Uma fotografia mostra o porto pesqueiro de Al Aqir, no Estreito de Ormuz, no emirado norte de Ras Al Khaimah, em 25 de fevereiro de 2026. (Foto de FADEL SENNA / AFP via Getty Images) ·FADEL SENNA via Getty Images
Nos dias que se seguiram à chamada “guerra de 12 dias” entre Israel e o Irão, em Junho de 2025, “não houve realmente uma perturbação física nos fluxos, e foi isso que se viu um aumento e depois uma queda quase imediata”. [because] não houve interrupção no fornecimento”, disse Ben Cahill, pesquisador não residente do Arab Gulf States Institute, ao Yahoo Finance.
Desta vez, disse Cahill, parece diferente, especialmente tendo em conta os ataques já vistos contra petroleiros no Estreito de Ormuz. Para os mercados petrolíferos, a perturbação física – especialmente através do Estreito – irá impulsionar os preços nos próximos dias e semanas.
Qualquer perturbação sustentada no Estreito também prejudicaria o Irão, que exporta a grande maioria dos seus carregamentos marítimos de petróleo bruto através da via navegável. Mas o regime pode ter avaliado o potencial impacto económico como uma dor necessária, disseram analistas ao Yahoo Finance.
“Ao contrário da guerra de 12 dias e de outras crises nos últimos anos, os incentivos para os iranianos provavelmente mudaram para a escalada e não para a desescalada, à medida que o regime procura salvar a face e proteger a sua sobrevivência”, escreveu o analista da Capital, Kyle Rodda, num comentário enviado por e-mail.
A pressão sobre os preços também aparecerá no mercado de seguros para navios petroleiros. Embora o prémio de risco de guerra ainda não tenha desencadeado cancelamentos generalizados de apólices no mercado de seguros para petroleiros, uma variável chave para os preços globais do petróleo, os analistas de seguros que falaram com o Yahoo Finance disseram que os preços estão a subir vertiginosamente e as apólices estão a ser reformuladas.
As seguradoras estão agora a condicionar a cobertura, a impor restrições de rotas nos contratos e a exigir aprovação de viagens, e a recusar-se a fornecer cotações para rotas e situações específicas. O resultado, segundo os analistas de seguros, é que os proprietários estão “optando por não transitar em vez de aceitar condições que tornem a economia da viagem impraticável”.
Rumores na indústria petrolífera sugeriam que o bloco poderia optar por aumentar significativamente as suas quotas de produção numa tentativa de “silenciar alguma pressão ascendente sobre os preços na manhã de segunda-feira, mas apenas marginalmente face ao risco geopolítico aumentado”, disse Jorge León, chefe de análise geopolítica da Rystad Energy, ao Yahoo Finance.

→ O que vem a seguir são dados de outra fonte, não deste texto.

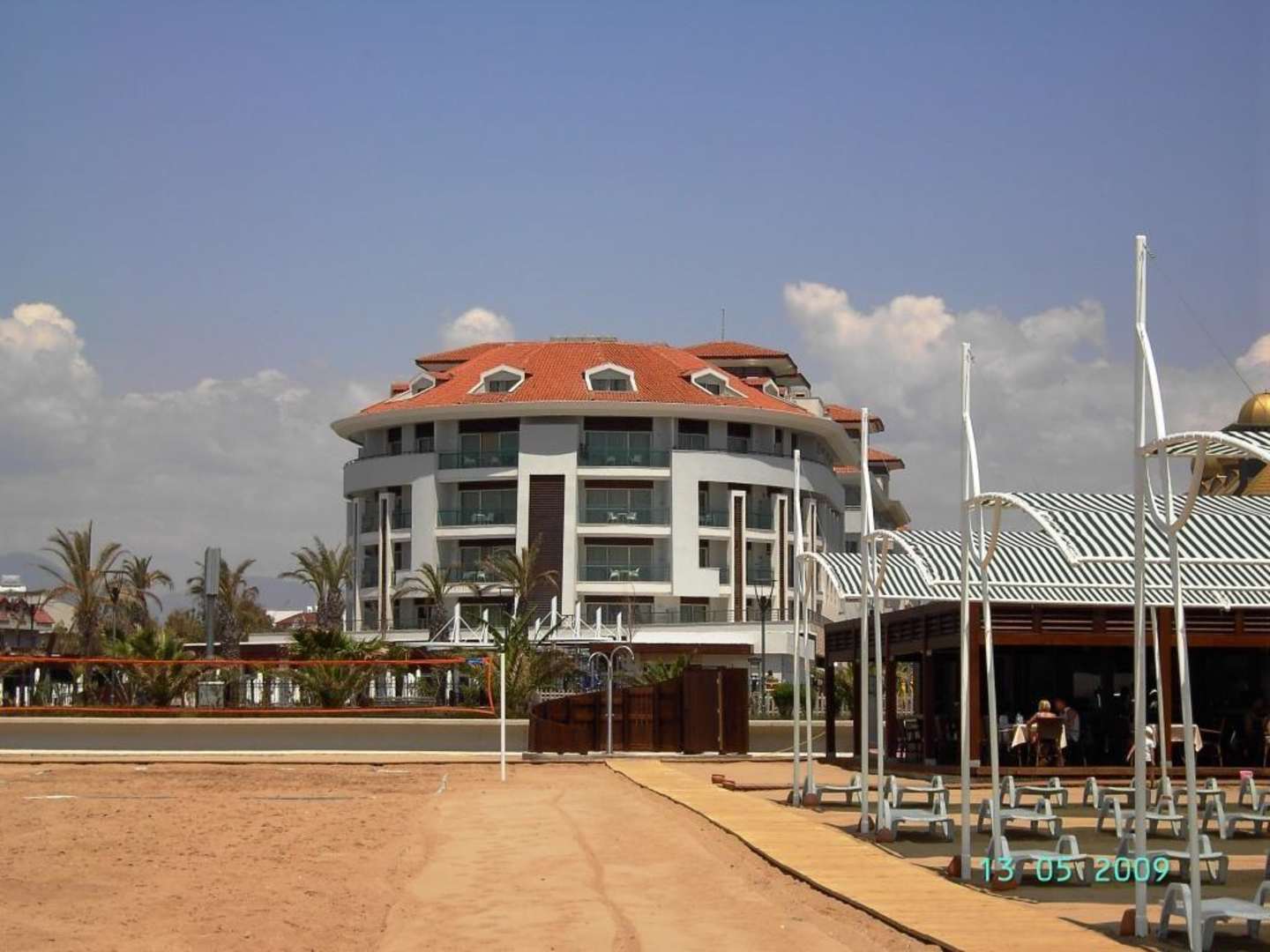 Bilck vom Strand auf Hotel

É pouco provável que a medida diminua o impacto do prémio de guerra. A maior parte da capacidade dos países membros da OPEP passa pelo Estreito e foi agora isolada do mercado, segundo a consultora Wood Mackenzie. Neste momento, disse León, “os mercados estão mais preocupados com a capacidade de movimentação dos barris do que com a capacidade ociosa no papel”.
“A questão principal é quando os navios restabelecem os fluxos de exportação”, disse Alan Gelder, vice-presidente sênior de refino, produtos químicos e mercados de petróleo da Wood Mackenzie. “Durante esse período, os preços do petróleo correm um grande risco de alta.”

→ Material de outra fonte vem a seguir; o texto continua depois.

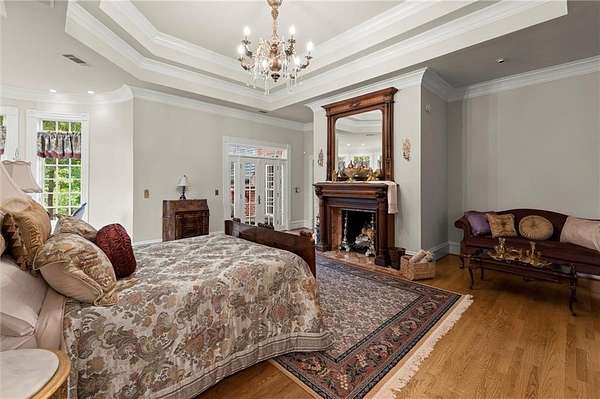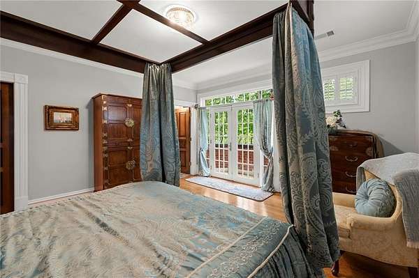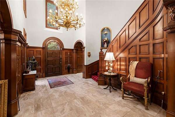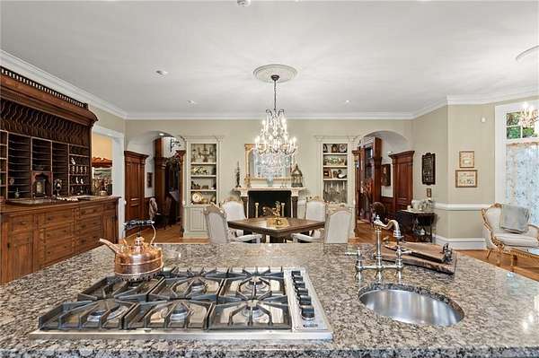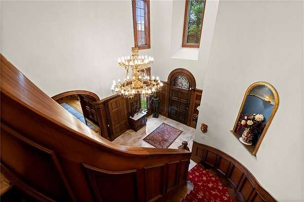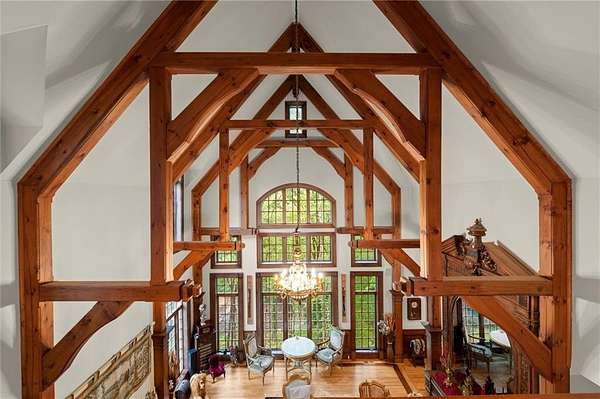 From the moment you enter, you're surrounded by masterful details: rare Honduran mahogany, hand-carved doors, antique imported mantels from 200-300-year-old English manors, and European chandeliers throughout. A soaring 25-foot Great Room with hand-hewn beams offers a dramatic central gathering space, while the richly paneled Library/Office and elegant Dining Room with fabric-paneled walls exude character and sophistication.

Se não houver uma desescalada nos próximos dias e o Estreito continuar demasiado perigoso para os petroleiros atravessarem, disse León, da Rystad, os preços poderão subir ainda mais do que já subiram.
“Dada a escala da retaliação, a maior parte da iniciativa estratégica cabe agora ao Irão”, disse León a Y. “A forma como Teerão decidir responder durante as próximas 24-72 horas – especialmente em relação à infra-estrutura energética ou ao transporte marítimo regional – será o principal motor da dinâmica do mercado petrolífero a curto prazo.”